Cellular composition of BAL fluid after airway challenge of epicutaneously sensitized IL-4^–/– mice depleted of IL-13 in vivo. IL-4^–/– mice were initially exposed epicutaneously to either OVA (100 μg) in PBS or PBS alone on day 0, and then challenged with i.n. OVA (25 μg) on days 14, 15, 18, and 19. OVA-exposed mice also received intraperitoneal injections of either an IL-13 antagonist (IL-13Rα-Fc) or the Fc control (ctrl-Fc) every other day, from day –1 to day 19. On day 21, mice were sacrificed, BAL was performed, and total cell yield and differential counts in cytospin preparations from individual mice were determined.

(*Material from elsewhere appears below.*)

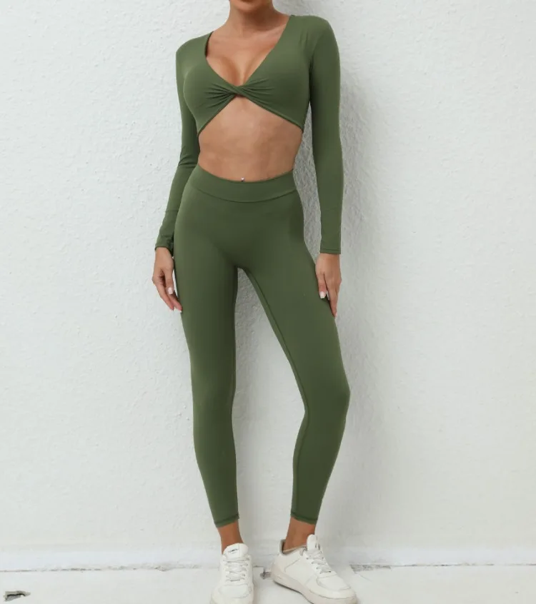 Seamless Yoga Sets Sports Fitness High Waist Hip-lifting Trousers Nude Feel Long-Sleeved Suit Workout Gym Leggings Set for Women

Data are reported as mean ± SEM (3 mice per group) of both the total number of cells recovered by BAL and the number of each cell type. Statistical significance between groups was determined by unpaired Student’s t test. *P < 0.05 for PBS-exposed vs. OVA-exposed groups; P = 0.009 for eosinophils IL-13Rα-Fc vs. ctrl-Fc–treated groups.